The organization was already in chaos following its eviction from Glendale’s Gila River Arena and subsequent move to Arizona State’s 5,000-seat hockey arena before the 2022–23 season. But Meruelo Jr.’s focus wasn’t on addressing the public blowback or ensuing logistical nightmares. During one Coyotes home game, Meruelo Jr. yanked about a half dozen team employees—including members of the social media team—away from their duties to instead field-trip to an area mall to show off new apparel from designer Rhuigi Villaseñor, according to two former employees.

Coyotes CEO and president Xavier Gutierrez, who had previously worked for the Meruelo Group—a business consulting firm, whose services span construction, gaming, and private equity—became the public face of the team when he was hired in June 2020. Behind closed doors, he also served as a mentor to Meruelo Jr. during the first several months of his tenure. But the relationship flipped as time went on: Multiple former employees tell FOS that for the last several months of the franchise’s existence, Meruelo Jr. had more power than Gutierrez within the organization.

“He was involved in everything, all the decision-making,” a former employee says. “Xavier was powerless. He couldn’t push back or influence him in any way. I feel for Xavier.”

With Meruelo Jr.’s growing influence, the power shift became too much for some members of the Coyotes organization. 

Gutierrez himself faded into the background as rumors swirled around the team’s sale and relocation to Salt Lake City, which became official in April. And there was a reason for that: Gutierrez stepped away from his day-to-day involvement with the team, according to a source with knowledge of the situation. Gutierrez declined to comment on his status when reached by FOS, although he lists ImpactX Sports Group—which he founded in April—along with the Coyotes as two companies he currently works for, according to his LinkedIn profile.

Minus Gutierrez, Alex Meruelo Jr. was left to inform the remaining dozen or so Coyotes employees on Monday that his father was abandoning efforts to revive the team. The move came days after the Arizona State Land Department canceled an auction for 110 acres of prime real estate in north Phoenix—the crucial part of the Meruelos’ effort to restart the franchise as an expansion team. 

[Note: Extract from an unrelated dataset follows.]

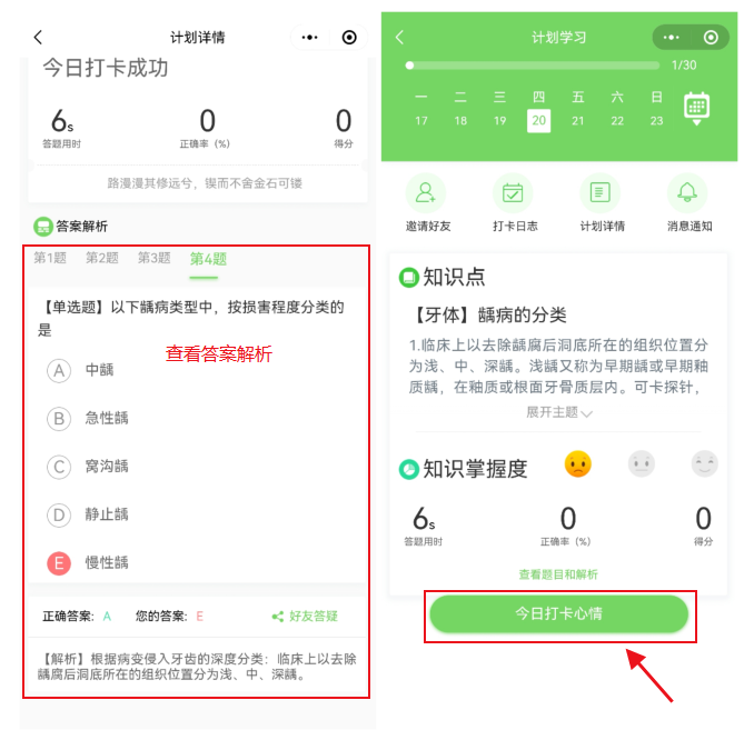 做完題后,可以查看每道題的解析和整體做題情況,進(jìn)入計(jì)劃頁面也可點(diǎn)擊“今日打卡心情”,輸入您要分享記錄的內(nèi)容,提交即可完成打卡。

The Phoenix NHL market is now totally open to another ownership group to start over. After Meruelo abandoned his push, the NHL’s Board of Governors voted to terminate his exclusivity rights at a meeting earlier this week, a source with knowledge of the meeting tells FOS

For the NHL to work in the desert, it will need two things the team hasn’t had for decades: stable ownership with allies within the community as well as an easily accessible arena. NHL commissioner Gary Bettman and the other team owners remain hopeful they’ll find stability and are keen on returning Phoenix to the league’s fold.

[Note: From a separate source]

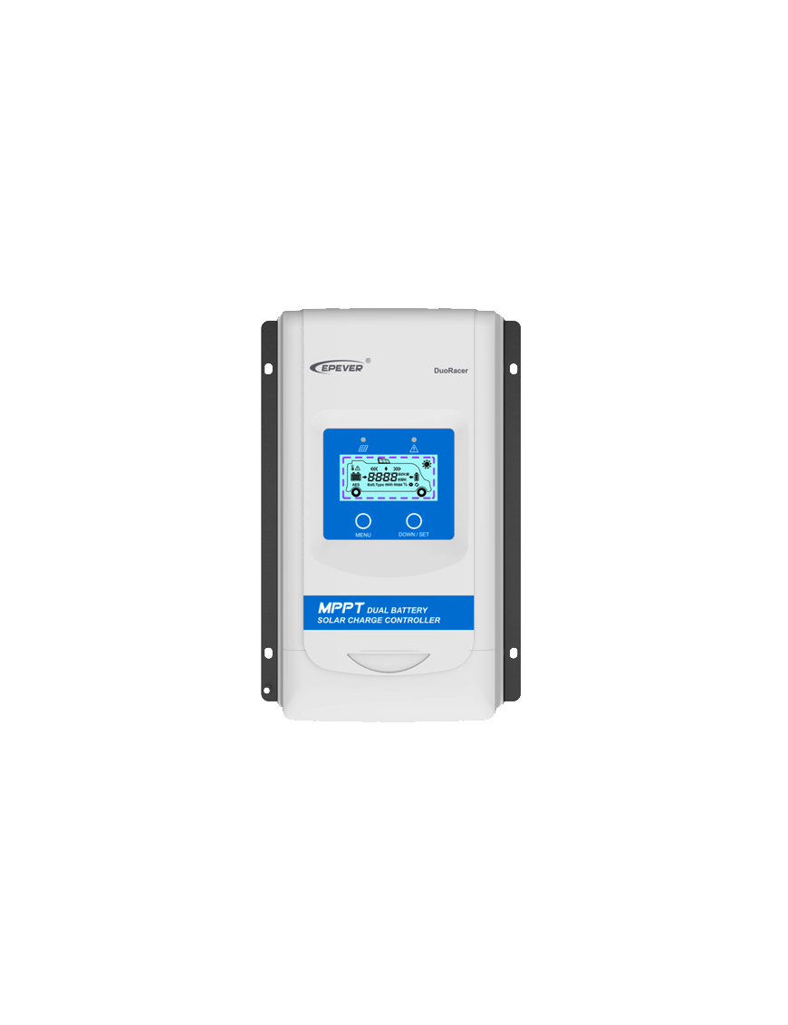 Το DuoRacer MPPT charge controller είναι κατασκευασμένο για να φορτίζει δύο μπαταρίες (παρουσιάζονται ως κυρίως μπαταρία (BATT1) και μπαταρία εκκίνησης (BATT2) παρακάτω) ταυτόχρονα σε ηλιακό σύστημα. Αυτό το controller υποστηρίζει πολλών ειδών κυρίως μπαταρίας (BATT1) όπως Sealed, Gel, Flooded, LiFePO4 και Li-NiCoMn, που είναι κατάλληλες για RV, Camper, πλοία κ.α.. Η συσκευή αναγνωρίζει αυτόματα τη τάση του συστήματος της μπαταρίας εκκίνησης (BATT2) και φορτίζει με μειωμένο ρεύμα την μπαταρία στις ανάλογες συνθήκες.

If for no other reason, there is still a financial opportunity in Arizona.

“Bettman contorted himself into a pretzel to keep the team in Phoenix because of the size of the TV market,” says Helene Elliott, a former longtime Los Angeles Times columnist and the first female journalist to win the Hockey Hall of Fame’s Ferguson Memorial Award for her decades covering the NHL. “Bettman’s job is to make money for his owners and those owners are going to make more money, theoretically, with a TV contract that includes Phoenix as the 11th-largest U.S. market than Quebec City.”